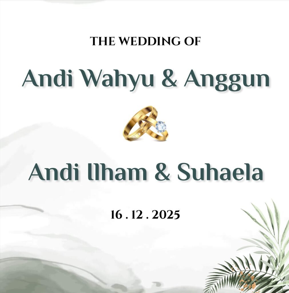 THE WEDDING OF 21 & 27 . 12 . 2025 Assalamu’alaikum Wr.Wb Tanpa mengurangi rasa hormat, kami mengundang Bapak/Ibu/Saudara/i serta kerabat sekalian untuk menghadiri acara pernikahan kami: Dan di antara tanda-tanda kekuasaan-Nya ialah Dia menciptakan untukmu isteri-isteri dari jenismu sendiri, supaya kamu cenderung dan merasa tenteram kepadanya, dan dijadikan-Nya diantaramu rasa kasih dan sayang. Sesungguhnya …
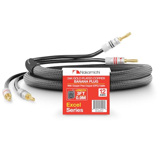 Nakamichi Excel-serien 24k förgyllda banankontakter med (3 fot) högtalarkabel i 99.9% syrefri koppar (OFC) kraftig flätad för förstärkare Hi-Fi hemmabio - Svart (12AWG / 3ft / 0.9m)
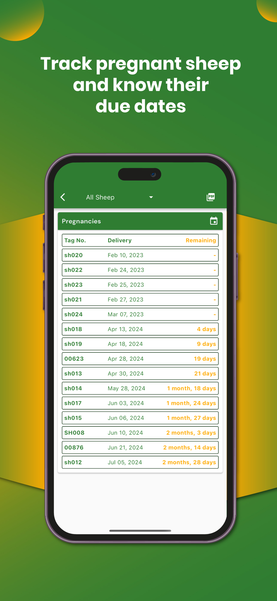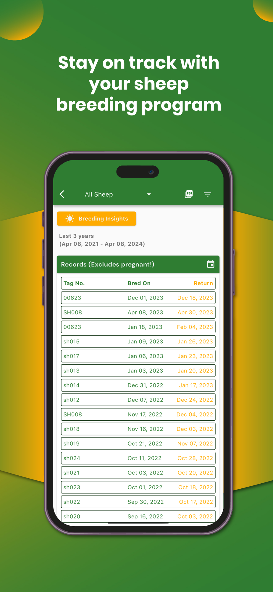 Our app empowers you to plan your sheep's breeding program with precision, maximizing productivity and genetic potential. Utilize our breeding reports to identify ideal breeding pairs, track lambing dates, and manage offspring records.
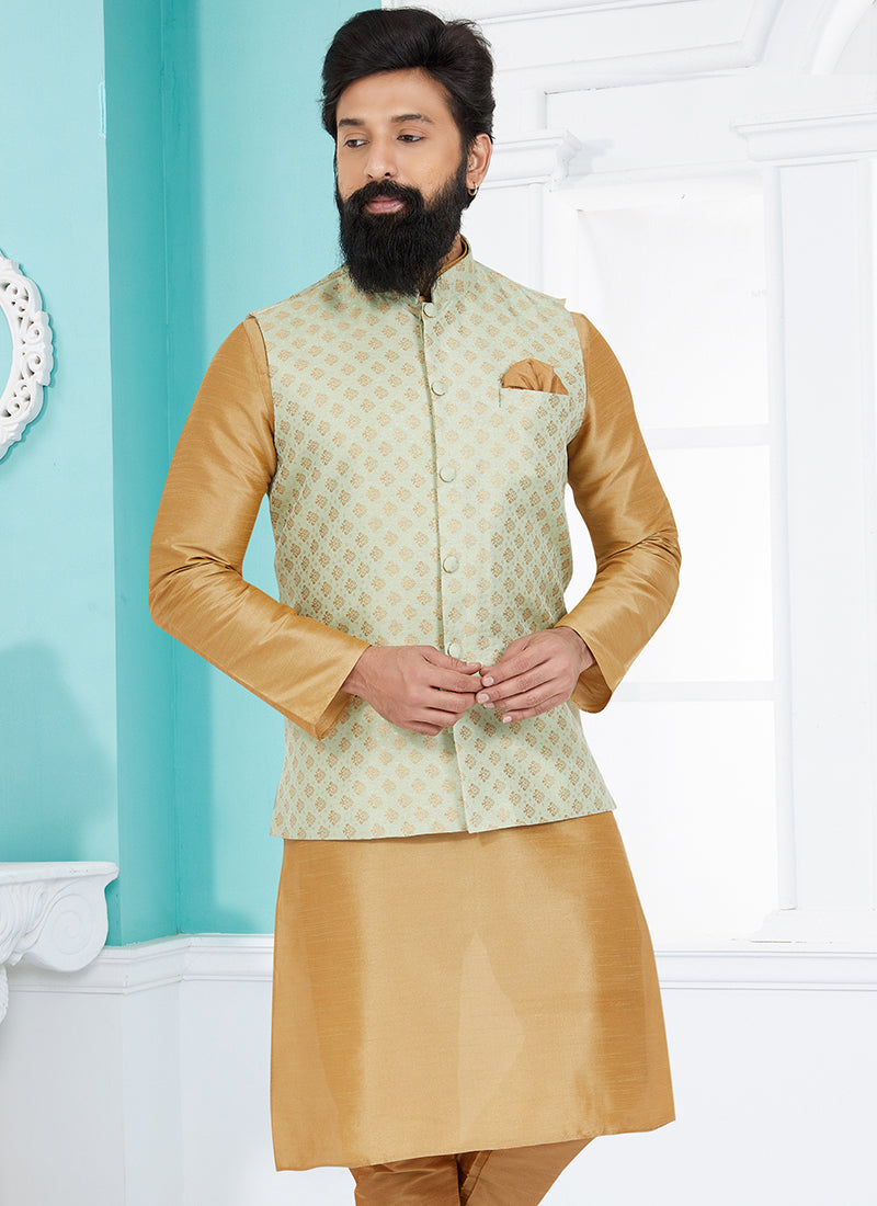 Banarasi Dhupion Pista Wedding Wear Banarasi Work Mens Waist Coat
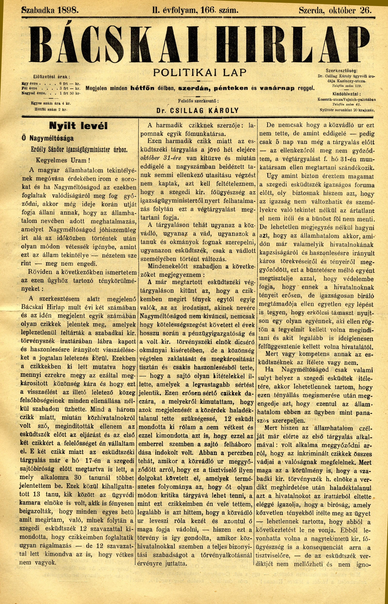 Bácskai Hirlap, 2. évf. 1898. október 26. 166. sz. 1–4. oldal
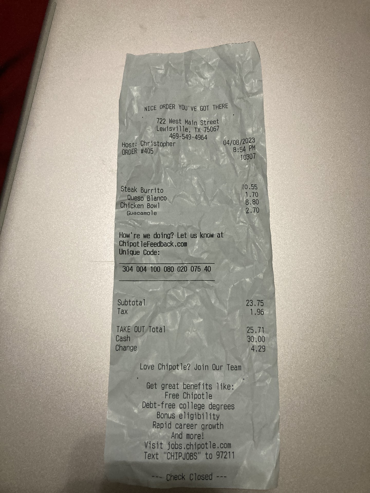 donât come here if you are looking for a good wrapped burrito. this old man there (not trying to be rude) was trying to roll my burrito but doesnât even know how to spread both tortillas out so once he does roll EVERYTHING falls out once u open the foil. i asked them like 7 times to use a new tortilla because they tried 3 times unwrapping and wrapping the burrito again. none of them listened especially the cashier with the attitude. after like 5 minutes waiting on the side i finally got my burrito again but didnât see if they rolled it right. i went over to seats and checked. what happened? the whole burrito fell apart. i told them âplease re do this. any sane person would know this is not rolled right. what did they do âsorry we have a line and youâve annoyed us enoughâ okay so now iâm in fault for wanting a well wrapped burrito so i can eat without it falling apart. so i said âjust give me 2 tortillas on the side iâll roll it myselfâ so i get the tortillas and surprise surprise. theyâve rolled it in foil so bad that once u open it the tortillas have holes in them and tears on the side. thatâs not all btw. so i get in my friends car and we drive away from the store. i pick up my bag and what do i see? a bunch of queso and salsa water dripping out from the bag. EVERYTHING FELL APART ON THE WAY HOME. NOT EVEN 5 MINUTES! do i want a refund? NO. i wont even accept free food from here because they DONT KNOW HOW TO MAKE IT. i can keep going? okay iâll keep going. so i moved some of the stuff from one burrito to a new tortilla the best i could, my first bite: bad chicken. i keep eating itâs fine. the last few bites had A LOT OF BAD chicken that was NOT COOKED. i woke up this morning not even an hour ago with the worst stomach pain and have not ate anything other than that chipotle & breakfast yesterday. this is the 4th chipotle iâve gone to in lewisville, grapevine & flour mound. none of them have had me say âthis is good foodâ without struggling to eat the food or it falling apart. PLEASE teach these managers to do their job and teach these employees how to do...
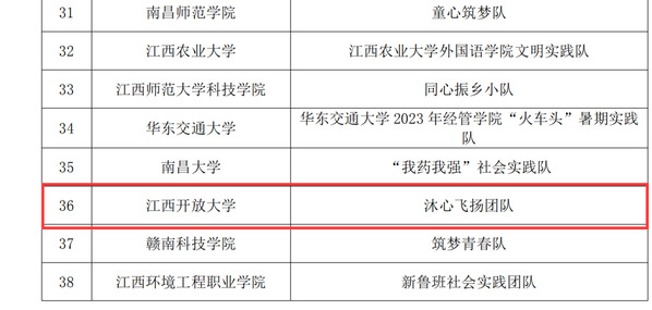 近日,江西省教育厅公布“强国有我、青春有为”暑期社会实践活动暨2023年“万名大学生进千站”文明实践志愿服务行动评审结果。其中,由我校学工处选送的《月亮湾“乡村振兴之路”调研报告》获得优秀调研报告一等奖,英国上市365官网沐心飞扬团队荣获优秀实践成果、优秀团队和优秀指导教师等多个奖项。此外,闵文祥、沈文龙、袁雪芳三位同学荣获优秀个人。
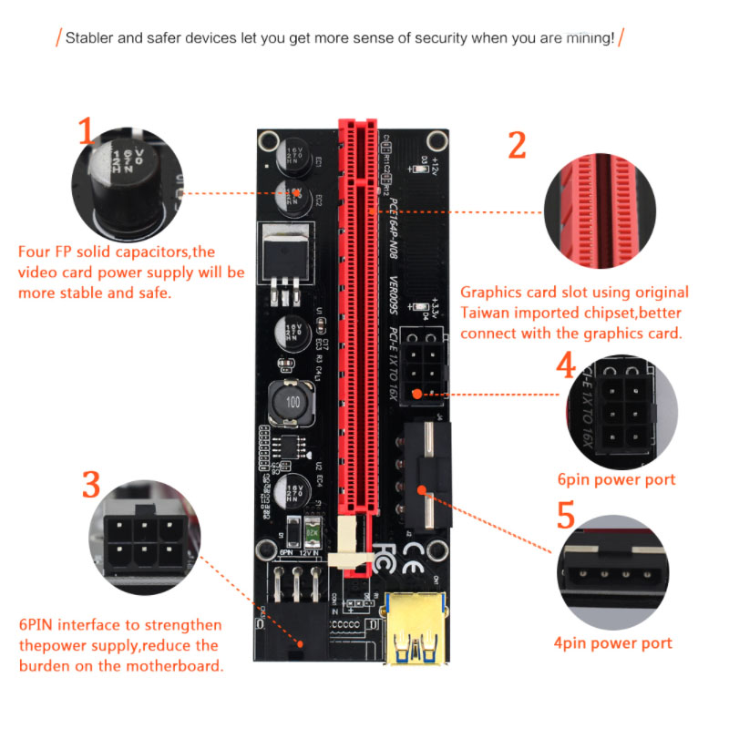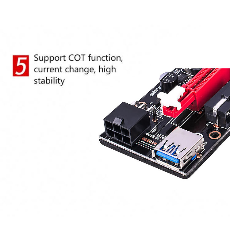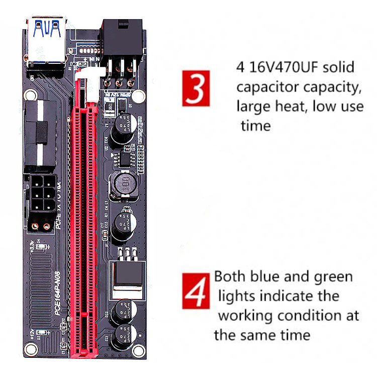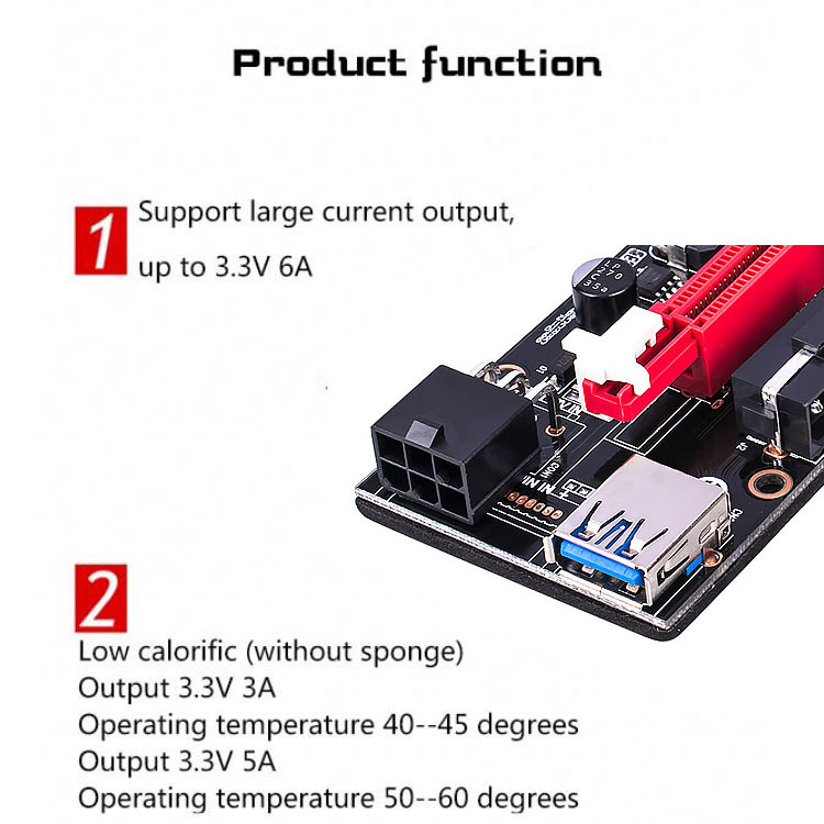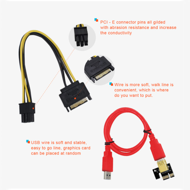 Letop: deze riser biedt 3 verschillende voedingsconnectoren (4 pins, 6 pins, in sata), maar gebruikt er slechts één. Gebruik meer dan 1 poorten om stroom te leveren zul de riser verbrandt
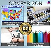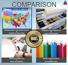 ⭐PERFECT SET- This set includes all the popular posters every child and adult will ever need related to the world and solar system: USA map, world map, solar system, and moon phases. ⭐BEST VALUE- Four high quality posters at an affordable price means the best value you will find anywhere. ⭐COLORFUL- This set of four posters stands out among the rest because of their 3D appearance. Unlike other 2D posters that look flat, these posters add slight dimension and a POP of color. ⭐APPROPRIATE FOR ALL AGES- Designed with toddlers, preschoolers, and grade schoolers in mind, these posters are also suitable for teens and adults who want a simple, no fuss map. ⭐LAMINATED- Double sided flush lamination to provide extra durability. Flush lamination are cut along the very edges of each poster (exactly same size as poster). Dry erasable and water resistant. ⭐MADE IN USA- Printed and hand-packed in USA to ensure quality prints reach your hands. ⭐IDEAL SIZE- 14x19.5 inches, 80# Cover stock glossy art paper, front and back lamination makes a perfect fit for classrooms, bulletin board, homeschool room, learning centers, or kids’ bedrooms. ⭐IDEAL GIFT- This set will be the perfect present for preschool, kindergarten, elementary school teachers and students; homeschooling parents and children; boys’ or girls’ bedroom decor, holiday gifts, playroom decorations, nursery wall art, adventurous travelers, and many more!
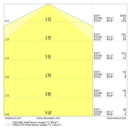 Le code couleur se compose de l'indice de rendu des couleurs (IRC) et de la température de couleur (Kelvin). Le premier chiffre indique le rendu des couleurs (1 = très mauvais rendu des couleurs, 9 = meilleure authenticité des couleurs). Le deuxième et troisième chiffre indiquent la température de la couleur. Exemple : Le code couleur "830" indique que la lampe a un bon rendu des couleurs (8) et une couleur de lumière blanche chaude (30 = 3000K). |
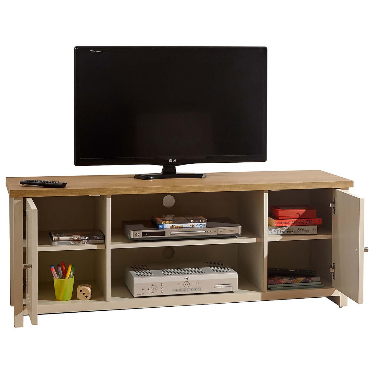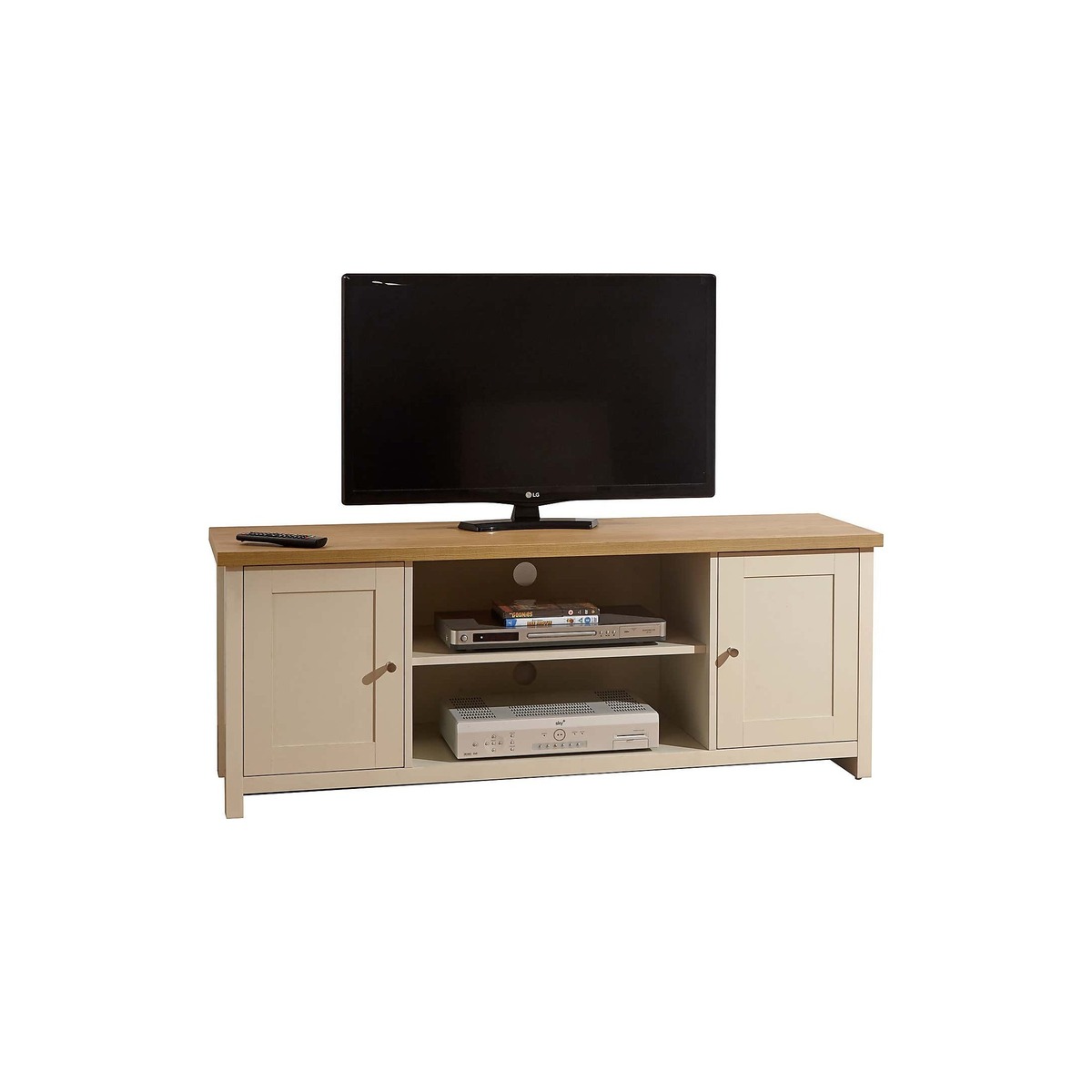 * Suitable for T Vs up to 55"* Self assembly required* Two open shelves with cable access* Two spacious cupboards* Painted finish with natural oak veneer top* Satin silver coloured handles An elegant solution for your living room, the Lancaster Large TV stand, boasts a stunning country cottage styling and is finished in a cream colourway. Complete with two spacious cupboards and two large open shelves with convenient cable access, this TV stand features a contrasting oak veneered top and delicate satin silver coloured handles. Do not use solvent based cleaners or detergents as they can bleach or damage the product.

Description of the task — Begin with the first line of the entries above and write out each line exactly, ending with the line containing "Bácskai Hirlap, 2.". Leave out pictures.

Solution to this problem —
 THE WEDDING OF 21 & 27 . 12 . 2025 Assalamu’alaikum Wr.Wb Tanpa mengurangi rasa hormat, kami mengundang Bapak/Ibu/Saudara/i serta kerabat sekalian untuk menghadiri acara pernikahan kami: Dan di antara tanda-tanda kekuasaan-Nya ialah Dia menciptakan untukmu isteri-isteri dari jenismu sendiri, supaya kamu cenderung dan merasa tenteram kepadanya, dan dijadikan-Nya diantaramu rasa kasih dan sayang. Sesungguhnya …
 Nakamichi Excel-serien 24k förgyllda banankontakter med (3 fot) högtalarkabel i 99.9% syrefri koppar (OFC) kraftig flätad för förstärkare Hi-Fi hemmabio - Svart (12AWG / 3ft / 0.9m)
 Our app empowers you to plan your sheep's breeding program with precision, maximizing productivity and genetic potential. Utilize our breeding reports to identify ideal breeding pairs, track lambing dates, and manage offspring records.
 Banarasi Dhupion Pista Wedding Wear Banarasi Work Mens Waist Coat
 Bácskai Hirlap, 2. évf. 1898. október 26. 166. sz. 1–4. oldal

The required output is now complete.